Les meilleurs extraits de la rentrée littéraire de septembre 2017 sélectionnés par Annick Geille.

Marc Dugain. Extrait de : Ils vont tuer Robert Kennedy

EXTRAIT >

Avant que notre relation amoureuse ne débute, Lorna avait une façon inquiétante de me fixer pendant les cours. Je ne comprenais pas ce qui suscitait l’intérêt de cette beauté pour un sexagénaire abîmé. Quelque chose ne collait pas entre cette grande femme blonde aux traits délicats et un homme comme moi. Au début, j’ai pris son inclination pour le jeu de séduction d’une étudiante envers son professeur. Ensuite je l’ai suspectée de travailler pour la CIA et je dois vous confesser qu’il m’arrive encore de le penser, même si c’est me donner une importance exagérée. J’ai aussi imaginé qu’elle cherchait un père de substitution, que je lui paraissais adapté pour ce rôle. Désirer un homme tellement plus âgé révèle chez une femme un rapport particulier à son père, comme si elle voulait le garder auprès d’elle. Il m’est arrivé de lui reprocher cette attraction pour moi et de lui dire qu’elle dénotait dans sa psychologie des failles inquiétantes dont je me blâme de profiter. Parfois, cette relation aux limites de l’indécence me semble presque incestueuse. Je crains de m’afficher en public avec elle, le regard scrutateur des autres me blesse. Je suis incapable de justifier notre relation autrement que par le fait que je ne sais pas y renoncer. C’est en tout cas ce que je me plais à dire pour ne pas m’avouer que je l’aime profondément.

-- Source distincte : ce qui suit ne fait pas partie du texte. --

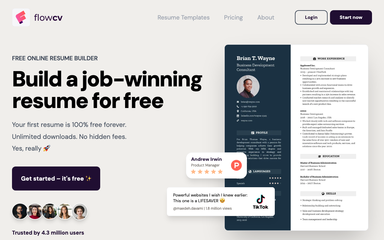 FlowCV es una plataforma web para crear currículums profesionales, cartas de presentación y materiales de marca personal sin complicaciones técnicas. Está pensada para quienes quieren postular mejor, ahorrar tiempo y presentar su experiencia con un diseño limpio y convincente.

Nous avions pris le ferry tôt le matin à Horseshoe Bay en direction de l’île de Vancouver pour une journée de promenade qu’elle pensait ordinaire. À l’arrivée, nous avons roulé un long moment sur la route principale. Une brume des premiers jours d’hiver s’était levée, dévoilant une nappe bleue uniforme dont il est difficile d’imaginer qu’elle est chargée de pollution. J’ai agi par une pression sur la main de Lorna pour la prévenir du changement de plan. Puis je lui ai indiqué la route à prendre sur la gauche en accompagnant mon geste d’un sourire. Je lui avais souvent parlé de ces lieux et à plusieurs reprises elle m’avait demandé de les lui montrer. Mais je ne m’étais jamais décidé. La conduire à la maison de mon enfance m’obligeait à un travail considérable sur moi-même. Il était impossible de me connaître sans découvrir cet endroit, et Lorna attendait cette opportunité depuis longtemps.

La maison principale, celle de mes parents, reposait sur un promontoire. Ses deux grandes fenêtres donnaient sur un balcon à l’aplomb formé par une falaise noire tombant brutalement dans la mer et fermant une crique protégée des vents. Un chemin abrupt contournait l’édifice en bois pour descendre vers une plage minuscule. Il en partait un ponton en rondins auquel restait attachée une barque métallique. Avec le soleil, ses oscillations projetaient dans l’espace des éclairs de lumière comme ceux faits par un enfant avec un bout de miroir brisé. J’avais été cet enfant, et les malheurs qui s’étaient succédé dans cette maison ne sont pas parvenus à effacer mes premiers souvenirs, quand j’allais seul, d’enchantement en enchantement, dans le silence suspendu de cette crique. Le terrain montait entre les arbres où une clairière en retrait abritait une maison à peine plus petite que la première. Celle-ci avait été construite au milieu des années cinquante pour ma grand-mère, qui en avait aménagé l’intérieur en bonbonnière Napoléon III où dominaient les tissus pourpres et le faux Henri II, des meubles introuvables dans cette partie du monde.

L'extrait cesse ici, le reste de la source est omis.